WHAT IS BEING ASKED: Wherever the line with "EDIFICE EFV-C110D-2BDF - ED599" sits in the listing below, transcribe from it up to and including the line with "1、注册表自动结束进程,防止", exactly, and leave the remaining lines out.

SUPPLIED INFORMATION:
——————

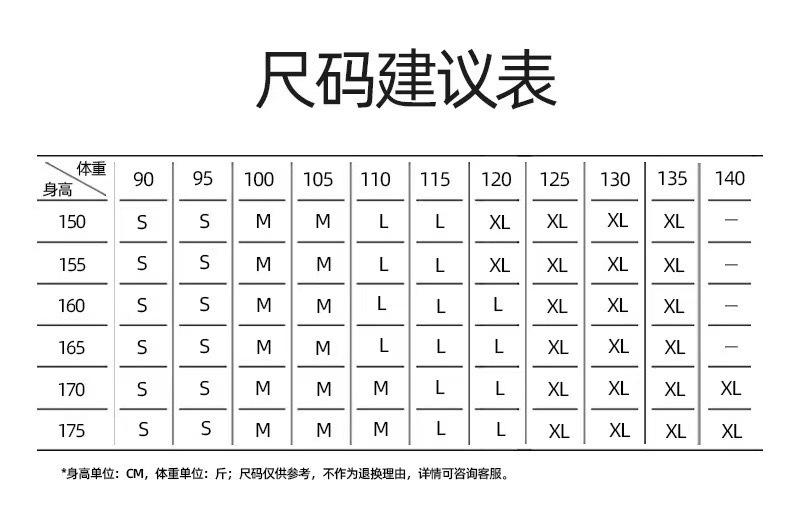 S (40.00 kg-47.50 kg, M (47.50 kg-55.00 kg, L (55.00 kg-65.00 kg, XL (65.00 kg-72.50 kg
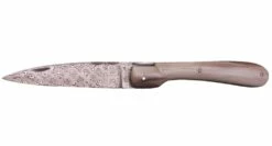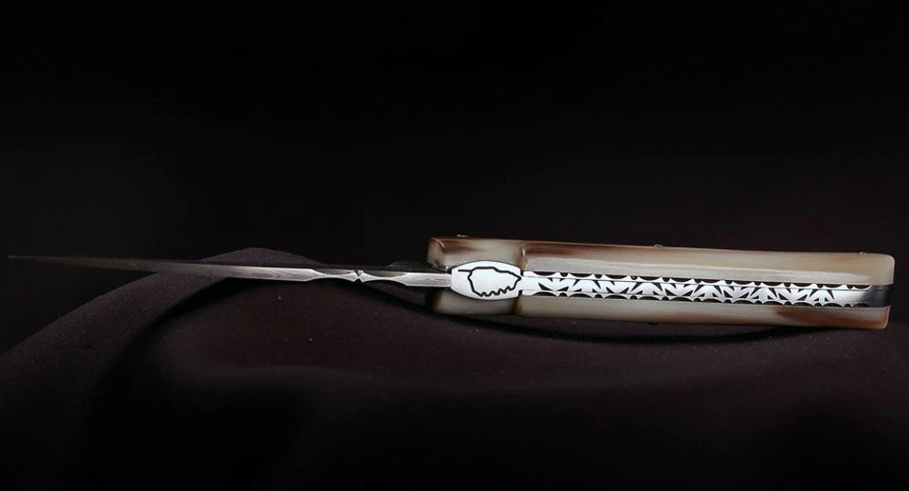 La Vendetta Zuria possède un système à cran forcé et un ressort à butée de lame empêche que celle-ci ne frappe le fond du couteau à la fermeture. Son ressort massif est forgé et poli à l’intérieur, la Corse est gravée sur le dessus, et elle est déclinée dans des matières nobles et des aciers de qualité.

——————

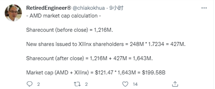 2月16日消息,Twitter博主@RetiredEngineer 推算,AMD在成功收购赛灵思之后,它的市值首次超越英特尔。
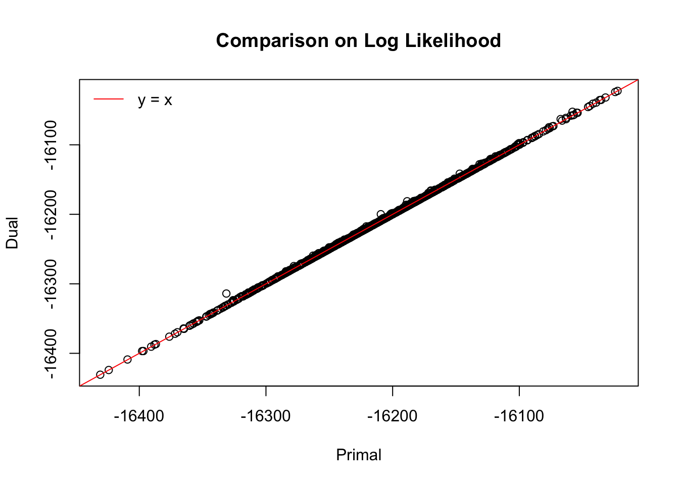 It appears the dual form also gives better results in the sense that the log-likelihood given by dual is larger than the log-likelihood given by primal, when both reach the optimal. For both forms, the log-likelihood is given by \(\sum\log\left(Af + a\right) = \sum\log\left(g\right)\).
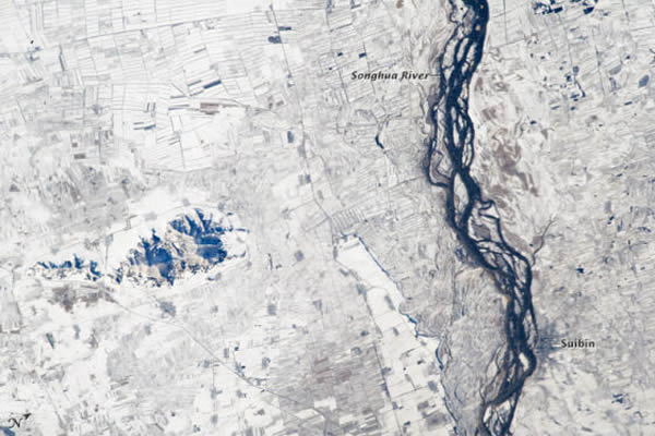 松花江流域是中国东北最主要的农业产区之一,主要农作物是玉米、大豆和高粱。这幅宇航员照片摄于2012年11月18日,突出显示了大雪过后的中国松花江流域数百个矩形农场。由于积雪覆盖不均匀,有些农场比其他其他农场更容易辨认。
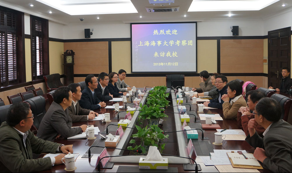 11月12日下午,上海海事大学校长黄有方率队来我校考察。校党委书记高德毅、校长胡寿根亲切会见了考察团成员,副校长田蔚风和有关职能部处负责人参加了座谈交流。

——————

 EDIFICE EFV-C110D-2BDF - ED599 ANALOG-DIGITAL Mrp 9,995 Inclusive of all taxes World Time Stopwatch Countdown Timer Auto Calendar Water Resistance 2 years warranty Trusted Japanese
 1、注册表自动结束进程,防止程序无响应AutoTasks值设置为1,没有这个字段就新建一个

——————

RESPONSE AREA:
 EDIFICE EFV-C110D-2BDF - ED599 ANALOG-DIGITAL Mrp 9,995 Inclusive of all taxes World Time Stopwatch Countdown Timer Auto Calendar Water Resistance 2 years warranty Trusted Japanese
 1、注册表自动结束进程,防止程序无响应AutoTasks值设置为1,没有这个字段就新建一个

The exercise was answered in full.